Factorial designs: Allows the researcher to examine the effects of one or more intervention on different factors or levels of variables in the study. Used for statistical control. Tends to increase sample size because you want to have enough subjects in each "cell" of the design.
Counterbalanced [crossover] designs: when more than one intervention [treatment] is used, and you want to know the effect of manipulating the order in which the treatments are given.
DePoy gives three criteria that need to be met to determine that a true experimental design is appropriate:
- there is sufficient development of theory to warrant the proposition of causality
- you have asked a causal quantitative question
- conditions exist, and legal and ethical issues allow for the random selection of subjects [random sampling], random assignment to groups, use of a pretest/posttest, and manipulation of the levels of the independent variable[s], including a control group
QUASI EXPERIMENTAL DESIGNS
It is not always possible to implement a design that meets the three criteria of a true experimental study [manipulation, control and randomization]. Quasi-experimental designs differ from experimental designs because either there is no control group or randomization cannot occur.
Types of quasi experimental designs:
1. Nonequivalent control group design:
- One of the most frequently used designs.
- It is the same as experimental except control group subjects are not randomly assigned.
- Advantages -
- in spite of the lack of randomization, the use of a control group and posttest increases the strength of the design
- good pretest data allows for improvement of analysis results
- Disadvantages -
- Threats to internal and external validity, i.e., selection - threat as subjects are not randomly selected.
- There are limits to extent one can infer causality.
- Similar to after only experimental group design but randomization is not used to assign subjects to groups.
- This design assumes groups are equivalent after the independent variable is introduced.
- This type of design can be used to study effects of natural or man made catastrophes such as hurricanes, floods or plane crashes.
- Use of good demographic data to further describe the subjects in each group would strengthen this type of study design.
- Advantage - Design is simple and quick.
- Disadvantage - Cannot be used to assess causality.
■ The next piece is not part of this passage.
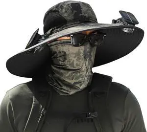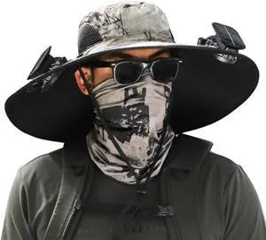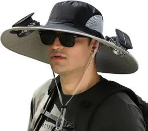 Wide Brim Solar Fan Outdoor Fishing Hat-Solar & USB Charging, Sunscreen Sun Hat with Fan, Solar Fan Hat Upf50+

Reduces internal validity.
- This is useful for determining trends where it is not possible to have a control group.
- No randomization occurs when only one group is available.
- Time series design significantly increases the strength of the study.
- Advantages -
- Repeated pretreatment observations help to control for maturation.
- Repeated post treatment measures allow one to determine if change is maintained over time.
- Disadvantage - History may threaten internal validity.
Pretest-posttest design: no randomization, not much control. Like a one-shot case study with a pretest.
Static group comparison: still no randomization, but maybe a little more control. You have a "control group", but those subjects are non-equivalent, and there is no pretest to see how equivalent they might have been.NONEXPERIMENTAL DESIGNS
These designs are used in situations where manipulation of an independent variable, control or randomization are not involved. These designs are focused to describe and measure independent and dependent variables. They are sometimes called descriptive research designs. Nonexperimental research does not prove causality. The goal is to describe phenomena and explore and explain relationships between variables.